Not an expert but I have a little bit of knowledge, so here’s my take:
The 2 parameter model works exactly as you would expect - take any point on the curve, take off your FTP and divide by the time in seconds gives you W’. The trouble with that model is that you can’t actually produce the power it thinks you can at very short durations: 10 seconds at 2816 Watts! No chance.
This model assumes that when you deplete W’ at any given power output, you will be unable to continue pedelling which is only correct in one sense: you can’t continue to pedal at that particular intensity.
Now, I’m not particularly familiar with the 3 parameter model, which, as you described, does not follow the same pattern.
Here is a comparison between the actual power curve and the constant work above FTP curve:
They start diverging significantly once you get down to about 180 seconds. It makes intuative sense that you could never output a wattage of 25000 for a single second or 5000 for 5 seconds etc so there is some sort of degradation of W’ in the very short durations.
Less obviously, there is also a reduction in W’ even much further along the curve which isn’t so intuative.

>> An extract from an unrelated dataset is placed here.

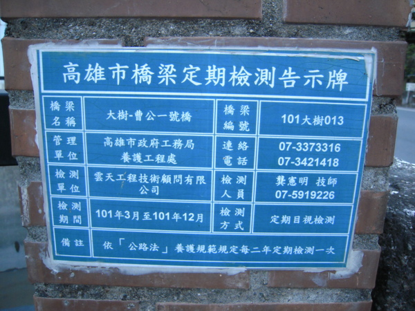 上次介紹曹公圳新舊圳頭(五口頷、三口頷)後,接著來到曹公圳上游,此處有曹公一、二號橋、飲水思源紀念碑、六孔門閘道,而在引水到出口處還有日據時期開鑿的大寮圳竣工紀念碑。

Above I referred to not being able to continue pedalling at the same intensity once you hit the point on the model curve (assuming it is correct), but that doesn’t mean you can’t continue to pedal above FTP, it just means that your ability to continue producing, say 400 Watts is compromised. This is due to being not only being limited by the amount of energy that you can use, but also by the rate that you can use it. In this case you get to a point where you can no longer produce 400 Watts, but can continue to produce 399, 398, 397 etc for a few seconds each until you finally get down to your threshold. This energy is also part of W’ but can never be represented on the power duration curve because it’s imposible to deplete it fully at a single intensity.
Now, I must admit that my knowledge of this comes from learning about Xert and that may well be different to Morton’s model in the exact detail (no doubt it is) but it shows exactly the same sort of ‘behaviour’.
Mike